We consider the FISTA algorithm introduced in:
A. Beck and M. Teboulle, "A Fast Iterative Shrinkage-Thresholding Algorithm for Linear Inverse Problems", SIAM Journal on Imaging Sciences, 2009.
More precisely, we consider a slightly modified version of FISTA, whose convergence is proved, see A. Chambolle and C. Dossal, "On the convergence of the iterates of "FISTA"", preprint, 2015.
Given an initial estimate $x^{(0)}$ of the solution and a parameter $a>2$, the algorithm sets $\gamma=1/\beta$, sets $z^{(0)}=x^{(0)} \in \RR^N$, and iterates, for $k=1,2,\ldots$ $$ x^{(k)} = \text{prox}_{\ga g}\pa{ z^{(k-1)} - \ga \nabla f( z^{(k-1)} ) }. $$ $$ \alpha_k=(k-1)/(k+a) $$ $$ z^{(k)} = x^{(k)} + \alpha_k \pa{ x^{(k)} - x^{(k-1)} } $$
It is proved that the iterates $x^{(k)}$ converge to a solution $x^\star$ of the problem. Moreover, the optimal convergence rate for this class of problems is reached, namely $$ E_k - E^\star = O(1/k^2), $$ whereas the convergence rate for the normal forward-backward is only $O(1/k)$.

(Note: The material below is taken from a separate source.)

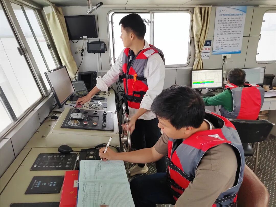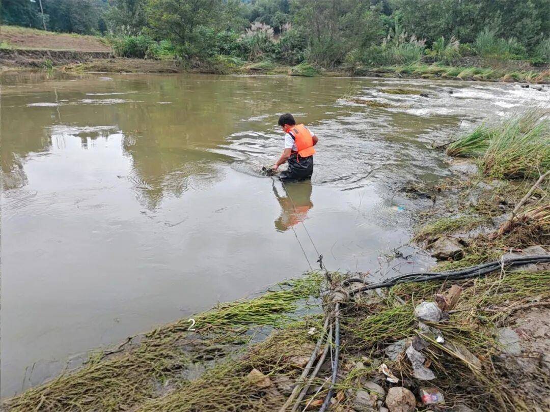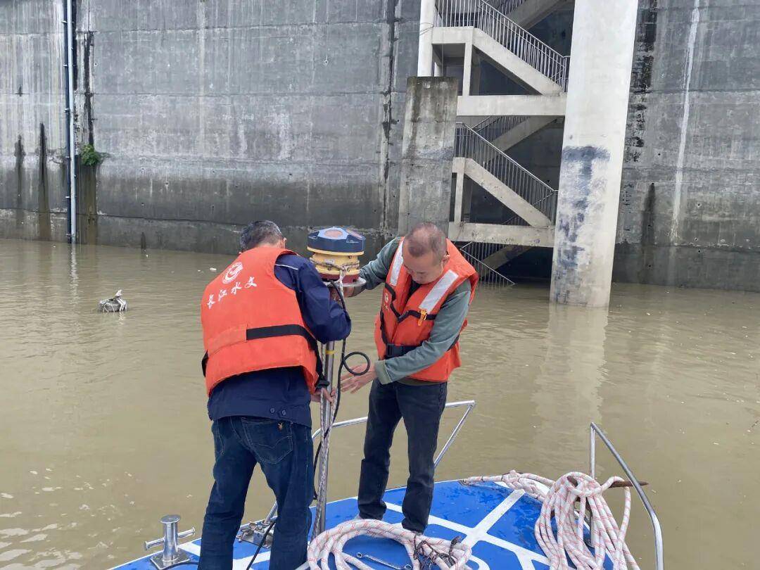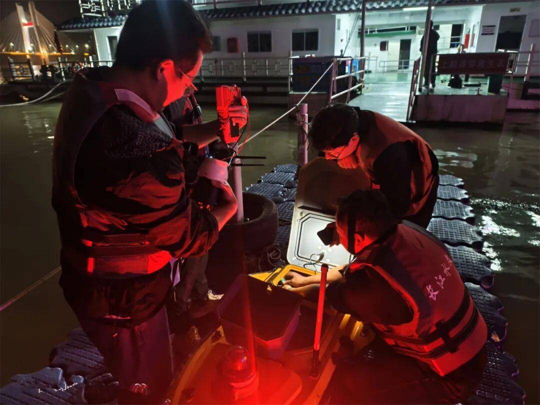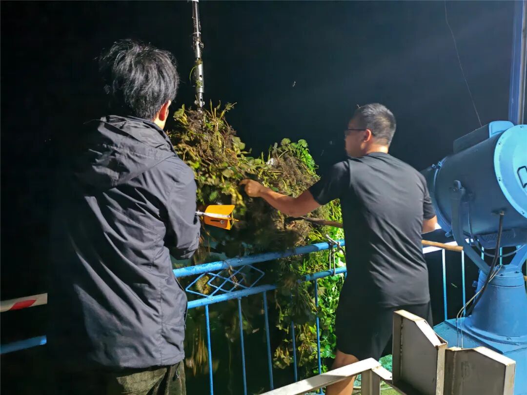 郭滩水文站凌晨测流,测验人员清理铅鱼上的漂浮物。

Note the difference between the over-relaxed forward-backward and the accelerated forward-backward: the later is based on an inertia mechanism, of different nature than over-relaxation.
gamma = 1/beta
nbiter = 1700
a = 10
x = y
En_array_fista = zeros(nbiter + 1)
En_array_fista[1] = vecnorm(opA(x) - y)^2/2 + Lambda*maximum(sum(abs(x), 1))
z = x
for iter in 1 : nbiter
xprevious = x
x = prox_gamma_g(z - gamma.*grad_f(z), gamma, Lambda)

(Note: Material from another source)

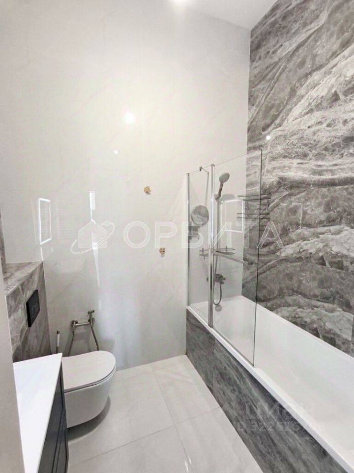 Современный санузел оборудован тёплыми полами и стильной отделкой. В квартире остаётся кухонный гарнитур, диван, стол и мебель в прихожей — можно сразу заезжать и жить.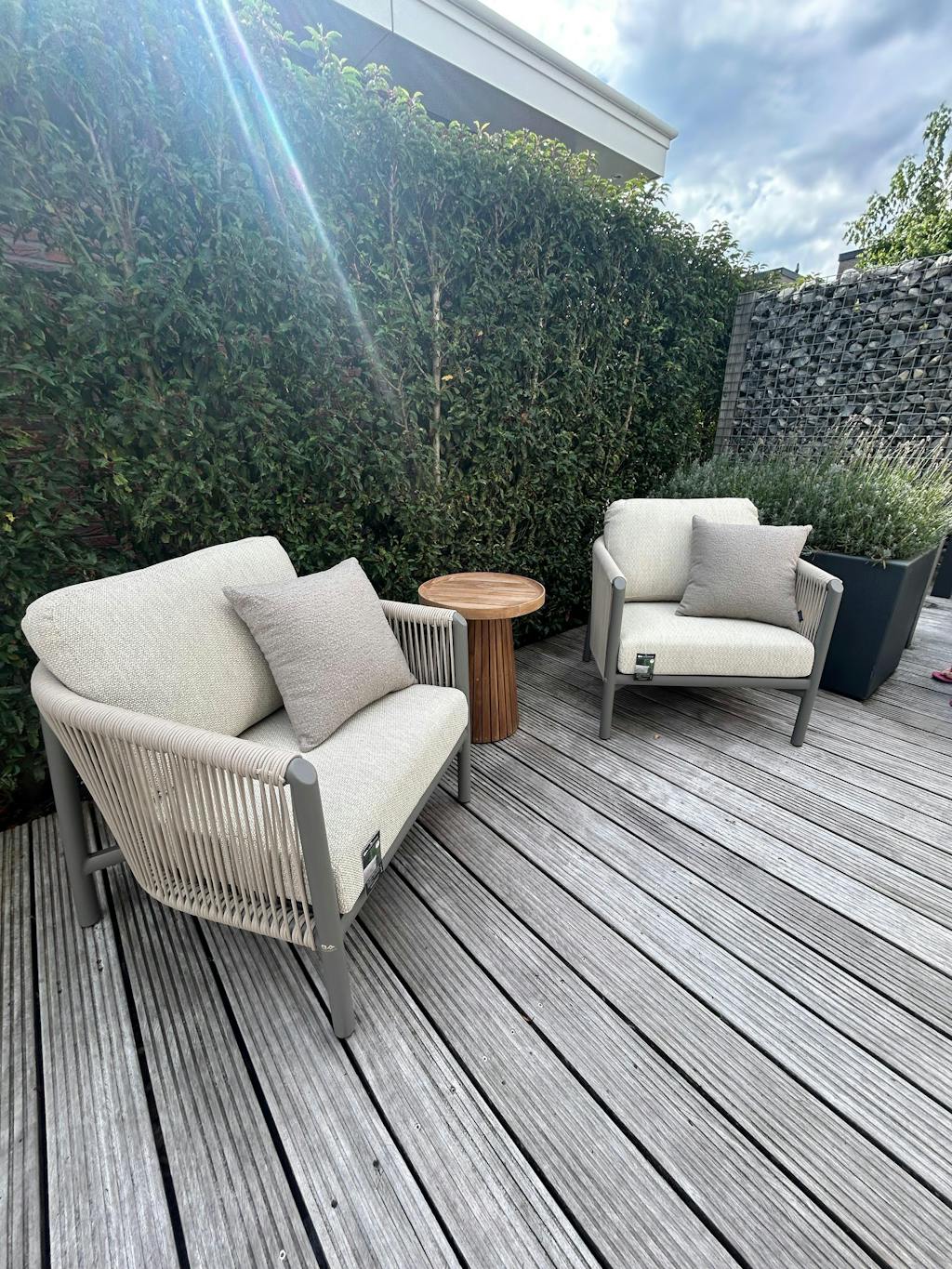 Het aluminium frame is omvlochten met outdoor textileen en is volledig weerbestendig en onderhoudsvrij. Zo geniet je jarenlang zorgeloos van comfort en een warme, natuurlijke uitstraling.

alpha = iter/(iter + 1 + a)
z = x + alpha .* (x - xprevious)
En_array_fista[iter + 1] = norm(opA(x) - y)^2/2 + Lambda*maximum(sum(abs(x), 1))
end
x_restored = x
1024-element Array{Float64,1}: 0.0 0.0 0.0 0.0 0.0 0.0 0.0 0.0 0.0 0.0 0.0 0.0 0.0 ⋮ 0.0 0.0 0.0 0.0 0.0 0.0 0.0 0.0 0.0 0.0 0.0 0.0
plot(log10((En_array[1 : 1700] - En_array[end])./(En_array[1] - En_array[end])))
plot(log10((En_array_overrelaxed[1 : 1700] - En_array[end])./(En_array[1] - En_array[end])))
plot(log10((abs(En_array_fista[1 : 1700] - En_array[end]))./(En_array[1] - En_array[end])))
1-element Array{Any,1}: PyObject <matplotlib.lines.Line2D object at 0x0000000023D13748>
We can note that the accelerated forward-backward is not monotonic: the cost function E is not decreasing along with the iterations and some oscillations are present.